Variables is a dict-based collection storing arbitrary data under keys. Variable can be populated via:

Dictionary passed to pipeline: Flow(defs, context, variables={'foo': 'bar'})

Sink operation:

- kind: sink

    name: my_sink

    connection:

        kind: Variable

        locator: variable_name

This step will place a list of records from preceding step in variables as {'variable_name': t.List[dict]}

In most cases sainking to variable is not needed as all preceding stages in a pipeline can be referenced via name. Sinking to variable is useful when you need to share data with subpipeline.

Special variable is loop_control which is populated dynamically from previous step and current stage type is pipeline. In case previous step generates multiple records then the new pipeline is called for each record, and control variable holds a dict representing the current record.

components ¶

Column ¶

Bases: BaseModel

Data column (equivalent to database column)

name ¶

name: str

Column name must follow rules set to SQL engine column names

type ¶

type: str

Any data type support by SQL engine

Columns ¶

Bases: RootModel[List[Column]]

Iterable list-like collection of Fields.

configs ¶

BigQueryConfig ¶

Bases: BaseModel

Configuration for accessing BigQuery datasets.

credential_file ¶

credential_file: Optional[str] = None

Path to service account JSON credentials for BigQuery access.

dataset ¶

dataset: Optional[str] = None

BigQuery dataset name.

project ¶

project: Optional[str] = None

GCP project ID containing the BigQuery dataset.

region ¶

region: Optional[str] = None

BigQuery region (e.g., "us-central1").

BucketConfig ¶

Bases: BaseModel

bucket ¶

bucket: Optional[str] = None

Bucket name eg. s3://my-bucket or local absolute path eg. /data/path

data_prefix ¶

data_prefix: Optional[str] = None

Prefix for data files: s3://my-bucket/<prefix> or /data/path/<prefix>

locator_wildcard ¶

locator_wildcard: Optional[Tuple] = None

Regular expression and wildcard to modify locator. Useful in cases when you sink data to data-YYYY.parquet but want to read data-*.parquet. Provide tuple with patten as first element and replacement as second one. Example:

('-\d{4}-', '*')

This will create wildcard for data-YYYY-base.parquet as data*base.parquet.

Wildcard	Description
`*`	matches any number of any characters (including none)
`**`	matches any number of subdirectories (including none)
`[abc]`	matches one character given in the bracket
`[a-z]`	matches one character from the range given in the bracket

Wildcard is automatically applied in tap and show_schema operations.

region ¶

region: str | None = None

ClickhouseConfig ¶

Bases: DatabaseConfig

Configuration for ClickHouse database, extending generic SQL config.

blocksize ¶

blocksize: int = 50000

Number of rows to process per block for batch operations.

ConnectionConfiguration ¶

Bases: BaseModel

Top-level container for all connection configurations in a pipeline.
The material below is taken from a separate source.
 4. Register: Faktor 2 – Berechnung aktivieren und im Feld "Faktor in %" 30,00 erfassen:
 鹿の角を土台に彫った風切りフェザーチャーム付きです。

Includes default configuration blocks for supported sources and sinks like: - Local file systems - S3 and GCS buckets - BigQuery datasets - ClickHouse databases

These can be customized per pipeline or extended with new sources.

Example

To support MySQL, you can define a new model like this:

class MySQLConfig(DatabaseConfig):
    pass  # You can add MySQL-specific fields here if needed

class ExtendedConnectionConfiguration(ConnectionConfiguration):
    mysql: MySQLConfig = PydanticField(default_factory=MySQLConfig)

This will allow you to specify MySQL connection settings in your YAML:

connection:
  kind: MySQL
  config:
    host: localhost
    port: 3306
    database: sales
    username: admin
    password: secret

bigquery ¶

bigquery: BigQueryConfig = Field(
    default_factory=BigQueryConfig
)

BigQuery connection configuration.

clickhouse ¶

clickhouse: ClickhouseConfig = Field(
    default_factory=ClickhouseConfig
)

Language model configuration.

gs ¶

gs: GSConfig = Field(default_factory=GSConfig)
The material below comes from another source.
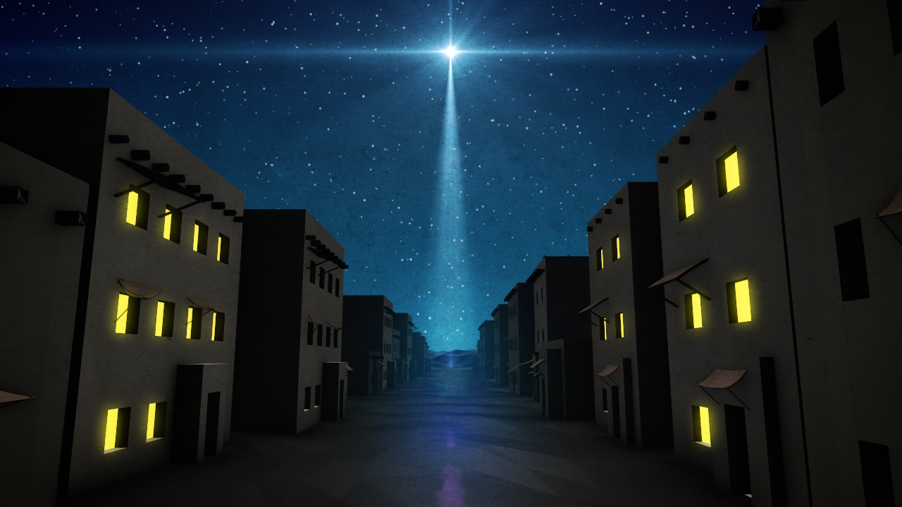 This Christmas motion background presents a view down a Bethlehem street at night, with a brilliant star pointing to the birthplace of Jesus. Features glowing windows, twinkling stars, and mountains.

Google Cloud Storage configuration.

llm ¶

llm: LLMConfig = Field(default_factory=LLMConfig)

Language model configuration.

local ¶

local: BucketConfig = Field(default_factory=BucketConfig)

Local file system configuration.

s3 ¶

s3: S3Config = Field(default_factory=S3Config)
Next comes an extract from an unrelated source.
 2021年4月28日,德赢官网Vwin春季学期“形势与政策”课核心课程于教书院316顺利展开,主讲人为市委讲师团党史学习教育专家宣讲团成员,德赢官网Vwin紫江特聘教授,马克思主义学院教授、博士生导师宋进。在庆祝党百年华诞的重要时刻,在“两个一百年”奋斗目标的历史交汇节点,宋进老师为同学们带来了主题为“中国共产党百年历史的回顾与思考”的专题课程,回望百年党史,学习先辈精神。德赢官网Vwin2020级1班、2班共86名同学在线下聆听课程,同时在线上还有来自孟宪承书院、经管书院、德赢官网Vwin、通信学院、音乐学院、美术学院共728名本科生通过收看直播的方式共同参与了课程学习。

S3 cloud storage configuration.

DatabaseConfig ¶

Bases: BaseModel

Base class for SQL database connection configurations.

cluster ¶

cluster: Optional[str] = None

Optional cluster name or identifier (used in ClickHouse and other distributed systems).

database ¶

database: Optional[str] = None

Database name.

host ¶

host: Optional[str] = None

Hostname or IP address of the database server.

password ¶

password: Optional[str] = None

Password for authentication.

port ¶

port: Optional[int | str] = None

Database port.

username ¶

username: Optional[str] = None

Username for authentication.

GSConfig ¶

Bases: BucketConfig

Google Cloud Storage (GCS) configuration.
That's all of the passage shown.